Don't forget to pass the -fno-omit-frame-pointer and the -ggdb flags when you compile your code.编译代码时不要忘记传递-fno-omit-frame-pointer-ggdb标志。

Unless your program has very few functions and hardly ever calls a system function or I/O, profilers that sample the program counter won't tell you much, as you're discovering.除非您的程序具有很少的功能并且几乎不会调用系统 function 或 I/O,否则对程序计数器进行采样的分析器不会告诉您太多,正如您所发现的那样。 In fact, the well-known profiler gprof was created specifically to try to address the uselessness of self-time-only profiling (not that it succeeded).事实上,著名的分析器gprof是专门创建的,以尝试解决仅自我分析的无用性(并不是说它成功了)。

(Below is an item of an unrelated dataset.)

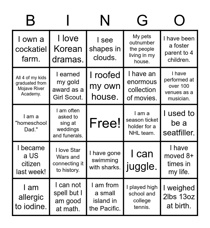 This bingo card has a free space and 29 words: I am allergic to iodine., I have a total of 11 siblings., I am often asked to sing at weddings and funerals., I enjoy hiking in the Big Bear area., I own a cockatiel farm., I see shapes in clouds., I earned my gold award as a Girl Scout., I love Star Wars and connecting it to history., I am a season ticket holder for a NHL team., I can not spell but I am good at math., I used to be a seatfiller., I weighed 2lbs 13oz at birth., I am from a small island in the Pacific., I played high school and college tennis., I have performed at over 100 venues as a musician., My car has no air conditioning., I have gone swimming with sharks., I became a US citizen last week!, I have been a foster parent to 4 children., I am a "homeschool Dad.", I can juggle., I traveled to China during college., I have an enormous collection of movies., All 4 of my kids graduated from Mojave River Academy., My pets outnumber the people living in my house., I love Korean dramas., I have moved 8+ times in my life., I roofed my own house. and I was a hairstylist for 14 years before I started teaching..

What actually works is something that samples the call stack (thereby finding out where the calls are coming from), on wall-clock time (thereby including I/O time), and report by line or by instruction (thereby pinpointing the function calls that you should investigate, not just the functions they live in).真正起作用的是对调用堆栈进行采样(从而找出调用来自何处),在挂钟时间(从而包括 I/O 时间),并按行或按指令报告(从而查明 function 调用您应该调查,而不仅仅是他们所在的功能)。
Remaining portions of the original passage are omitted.